How Zhang and Slessor Made It Through
Zhang Anda's progression from Group G was never seriously in doubt, though it didn't begin entirely smoothly. A 2-2 draw with Jimmy Robertson in his opening match suggested he might need to work for it, but the Chinese potter quickly found his rhythm. Back-to-back 3-0 victories over Cheung Ka Wai and Jack Lisowski — the latter a player who has threatened big things for years without quite delivering them — saw Zhang finish the group with seven points and an unbeaten record, a commanding performance when it mattered.
Elliot Slessor's route through Group H followed a strikingly similar pattern. A draw — this time a 2-2 with Dean Young — threatened to introduce an element of jeopardy early on, but the Geordie responded with 3-1 wins against Jackson Page and then Xu Si to top the group with seven points. Slessor is not a name that appears in many pre-tournament predictions, but on this evidence he is not here to make up the numbers.
The Stage Three Line-Up
The final eight have been divided into two Winners' Groups for Stage Three. Winners' Group 1 contains Lei Peifan, David Gilbert, Noppon Saengkham, and Slessor, while Winners' Group 2 pairs Zhang Anda with Hossein Vafaei, Jak Jones, and Dylan Emery. From those two groups, the finalists will emerge, and by the end of the day, the first ranking event champion of the 2026/27 season will be known.

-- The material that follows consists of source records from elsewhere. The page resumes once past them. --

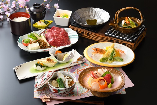 夜桜ツアーバスとホテルの宿泊がセットになったプランもある。夕食は、春鯛や蛤などの春らしい食材や、春ならではの山菜が登場する「奏(かなで)会席」が用意される。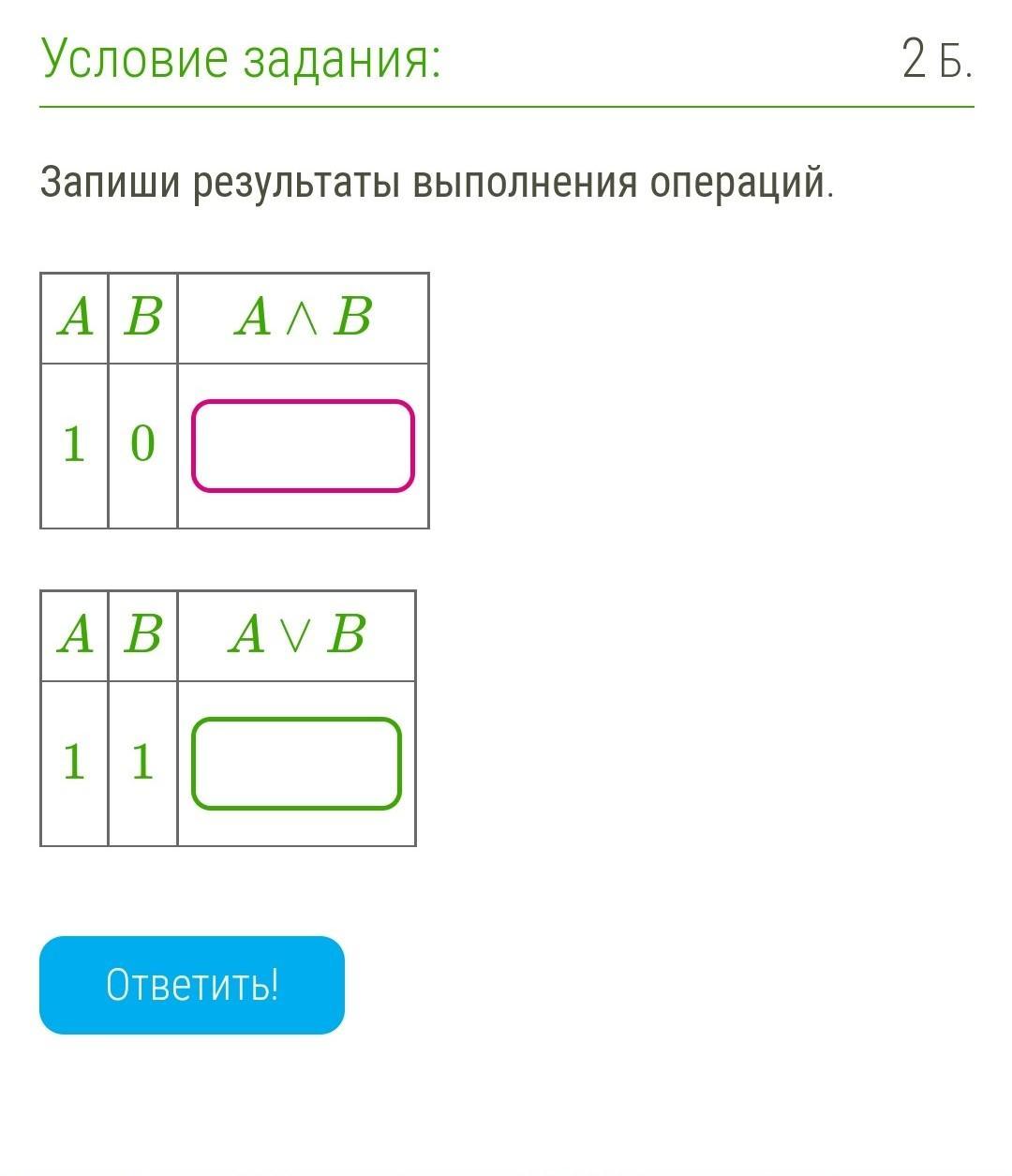 A \: \wedge \: B = 1 \: \wedge \: 0 = 0 \\ A \: \lor \: B = 1 \: \lor \: 1 = 1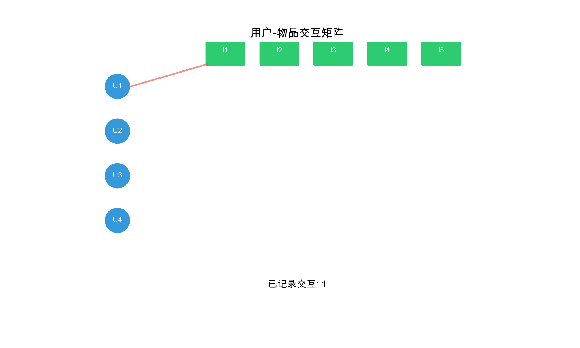 formalize this. We have: -\(U = \{u_1, u_2, \dots, u_m\}\): set of\(m\)users -\(I = \{i_1, i_2, \dots, i_n\}\): set of\(n\)items -\(R \in \mathbb{R}^{m \times n}\): user-item rating matrix, where\(r_{ui}\)is user\(u\)'s rating for item\(i\)The matrix\(R\)is sparse – most users have rated only a tiny fraction of items. The goal of collaborative filtering is to predict missing entries in\(R\).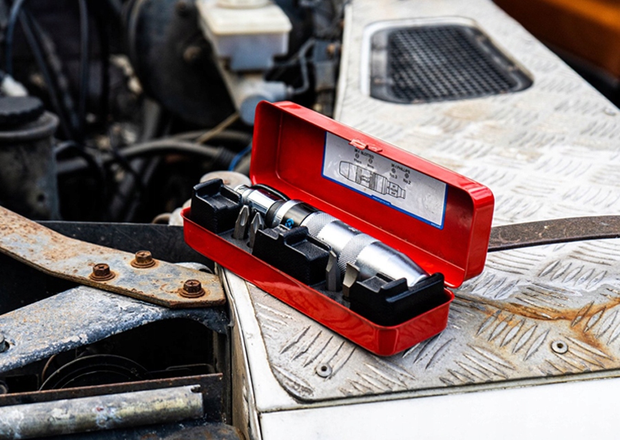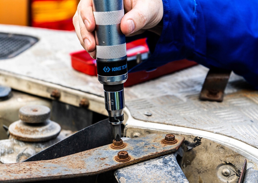 Отвертка – компактный инструмент, сочетающий в себе высокое качество материалов, удобство в использовании и эргономику работы. Отвертка используется для отвинчивания и ослабления застрявших или туго затянутых болтов, винтов и гаек. Для работы он использует изменение кинетической энергии, возникающей при ударе молотка, во вращательное движение кончика отвертки. Такой метод работы обеспечивается точной червячной передачей с резьбой с большим шагом. Отвертка имеет ручку направления вправо/влево. Инструмент очень часто используется в механических и автосервисах. Все это заключено в металлическую коробку.

What makes this particular final day so compelling is the spread of experience and ambition in the room. Of the eight players remaining, exactly half have lifted a ranking trophy before — though each has done so only once, which tells its own story about the fine margins at this level.

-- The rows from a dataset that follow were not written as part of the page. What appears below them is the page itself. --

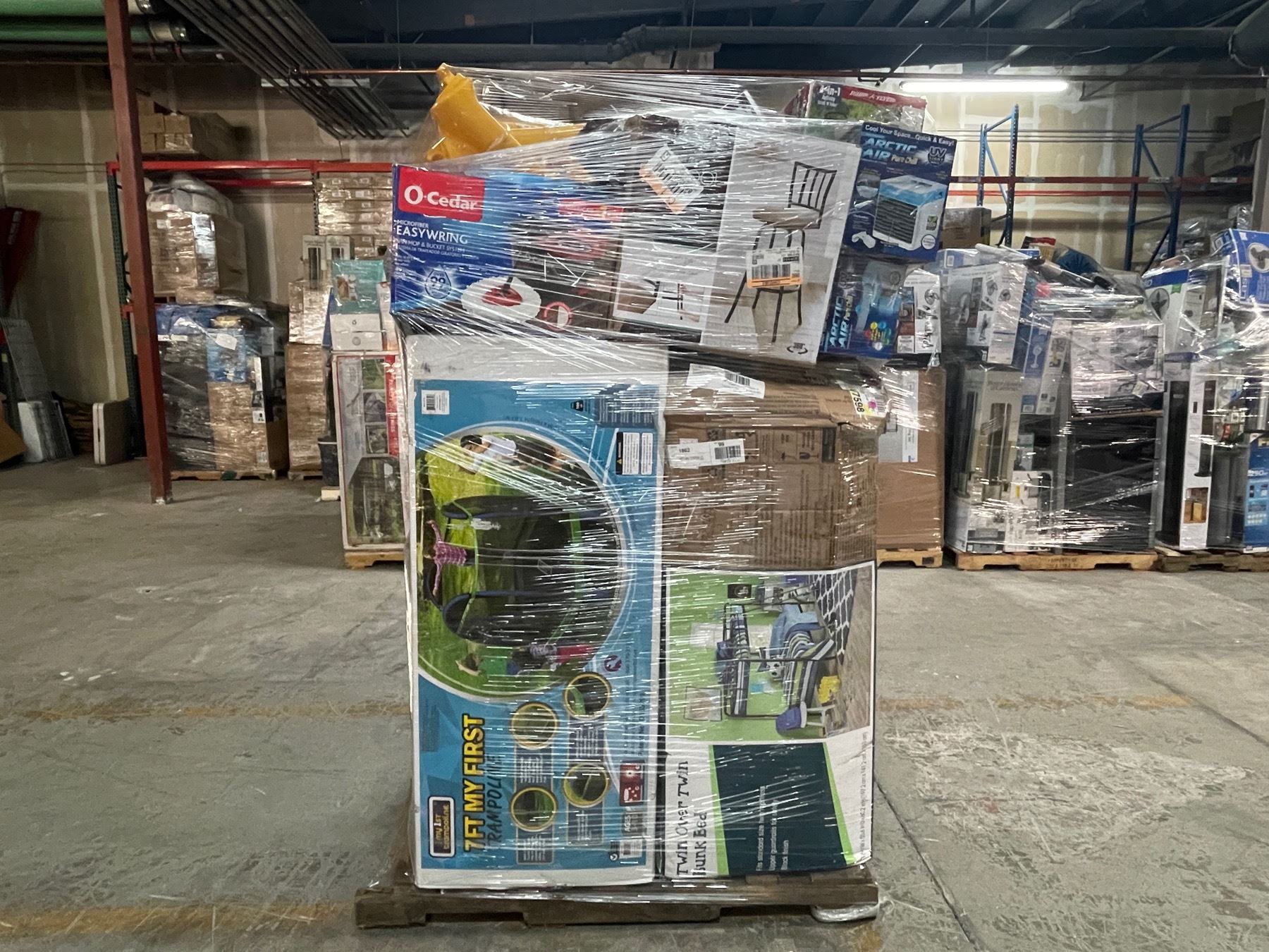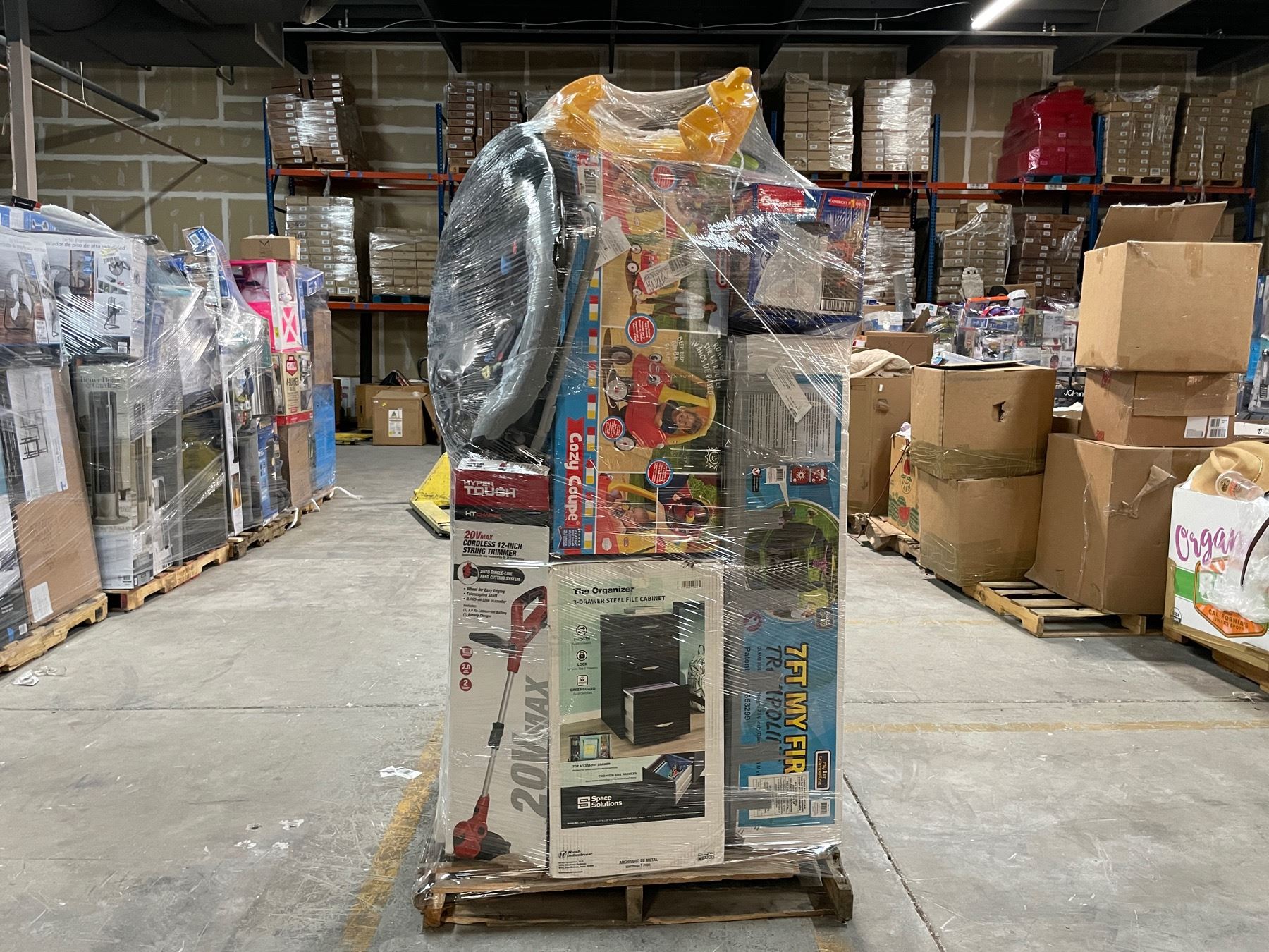 En este pallet usted podria encontrar mercancia general de los diferentes almacenes de los Estados Unidos tales como Walmart, Target, Home Depot, JCPenney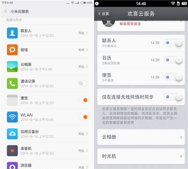 我个人是颇为关注云服务的,由于习惯性问题,经常进行刷机等可能导致资料丢失的操作,一个完善且完整的云服务可以节省大量的备份时间与恢复操作,MIUI 6的小米云服务与Smartisan OS的欢喜云服务并不是一个等级面上的。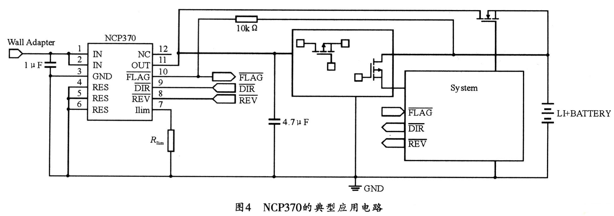 DIR:正向模式輸入端,需與REV結(jié)合起來使用。當(dāng)墻上適配器AC-DC連接到IN端時(shí),NCP370內(nèi)部的N溝道MOS管開啟,電路進(jìn)入正向模式。而當(dāng)該端和REV均為高時(shí),NCP370進(jìn)入關(guān)斷模式,此時(shí),輸出將與輸入斷開。但DIR端的狀態(tài)不會影響到FLAG的故障檢測。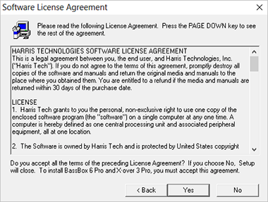 - The Software License Agreement will appear next as shown below. Please read it before proceeding. This is a legal document that you must agree to before you can proceed with the installation. If you do not, then click the "No" button to exit the setup program. We offer only single-user licenses for our software. It allows you to install the programs on more than one computer as long as they are used on only one computer at a time. It also allows more than one person to use the programs as long as only one person uses them at a time. You can think of them as a book that only one person can read at a time. Our software should never be installed on a network. Nor should you ever make copies of the installation disc to give to other people. However, you can make a backup for yourself (recommended). Once you've read the license agreement and agree to abide by its terms, then click the "Yes" button to continue.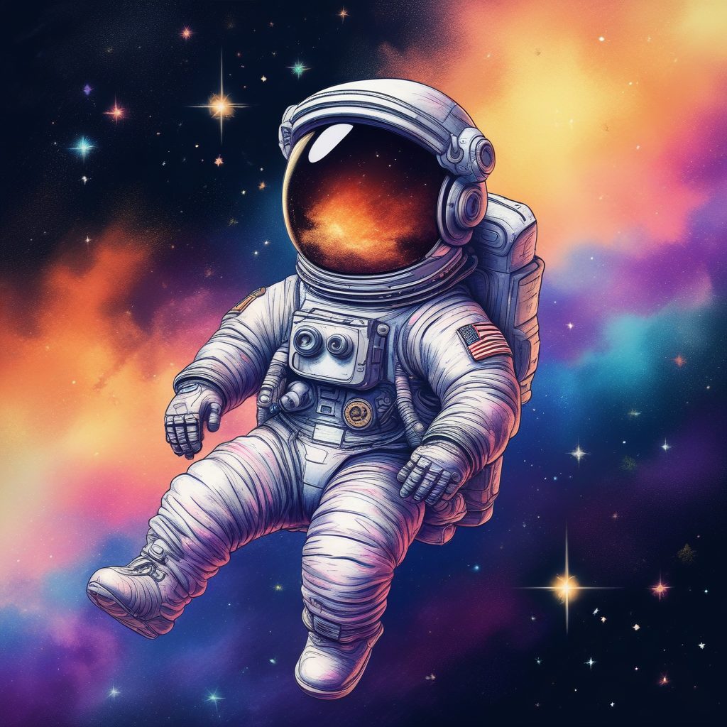 一幅充满(whimsical)想象力的梦幻插画,描绘了一个小小的宇航员人物轻轻漂浮在深邃、繁星点点的太空中。该作品展示了高度纹理化的(crayon style:1.1)和独特的(colored pencil:1.2)技术。它以充满活力的(pastel colors)和温暖的星云色渲染。整体感觉是高度(hand drawn:1.3),具有(soft edges)和丰富的(textured paper)品质,唤起神奇的(storybook style)。构图简洁但细节丰富,光线大气感强。

The Contenders: Hunger, History, and a Few First-Timers
David Gilbert is the only man standing who has actually won this tournament before, claiming the Championship League title five years ago. The Angry Farmer, as he is affectionately known on tour, will arrive at the Mattioli Arena on Wednesday knowing exactly what it takes — and knowing equally well that opportunity does not always knock twice. A second victory in this event would be a significant statement of his continued relevance at the top end of the game.

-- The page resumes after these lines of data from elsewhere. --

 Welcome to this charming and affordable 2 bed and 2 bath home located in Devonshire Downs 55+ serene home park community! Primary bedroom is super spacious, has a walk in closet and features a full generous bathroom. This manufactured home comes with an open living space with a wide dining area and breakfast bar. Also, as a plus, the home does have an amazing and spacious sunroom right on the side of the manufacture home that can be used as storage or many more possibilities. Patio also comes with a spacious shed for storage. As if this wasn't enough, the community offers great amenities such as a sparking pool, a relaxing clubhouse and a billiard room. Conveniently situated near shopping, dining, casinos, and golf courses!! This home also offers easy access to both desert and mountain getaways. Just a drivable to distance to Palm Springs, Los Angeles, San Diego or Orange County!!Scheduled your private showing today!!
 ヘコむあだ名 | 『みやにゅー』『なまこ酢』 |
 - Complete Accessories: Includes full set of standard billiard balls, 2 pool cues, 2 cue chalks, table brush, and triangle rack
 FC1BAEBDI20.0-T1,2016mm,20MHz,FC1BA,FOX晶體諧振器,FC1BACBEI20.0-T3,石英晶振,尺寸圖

Hossein Vafaei's ranking trophy came courtesy of the Shoot Out, a format that rewards nerve and instinct over session-long concentration. Whether those qualities translate to a full-length ranking final is a question he will be eager to answer. Zhang Anda, meanwhile, is a former International Championship winner, and Lei Peifan claimed the Scottish Open — both tournament victories that demonstrate genuine big-match capability.
Then there are the four players still chasing their maiden ranking title, and here is where the real drama might lie. Noppon Saengkham came agonisingly close at the 2023 Scottish Open, losing the final to Gary Wilson. Jak Jones — whose run to the World Championship final at the Crucible just a couple of years ago announced him as a player capable of producing something remarkable on the biggest stage — will fancy his chances in a wide-open field. Elliot Slessor and Dylan Emery round out the quartet of first-title hunters, both players who have shown in this very tournament that they belong in this company.
A Season-Opening Statement
The Championship League rarely generates the kind of theatre that surrounds the Crucible or the Masters, tucked away as it is in Leicester rather than broadcast to a primetime audience. But for the players involved, it matters enormously. Prize money, ranking points, and — perhaps most importantly — momentum heading into the rest of the season are all on the line.
Whoever lifts the trophy on Wednesday will do so having navigated more than three weeks of relentless competition, outlasting a field that clearly had ambitions of its own. Zhang, Slessor, Gilbert, Vafaei, Jones, Saengkham, Lei, and Emery. Eight players, one trophy, and a final day that promises rather more than the modest surroundings might suggest.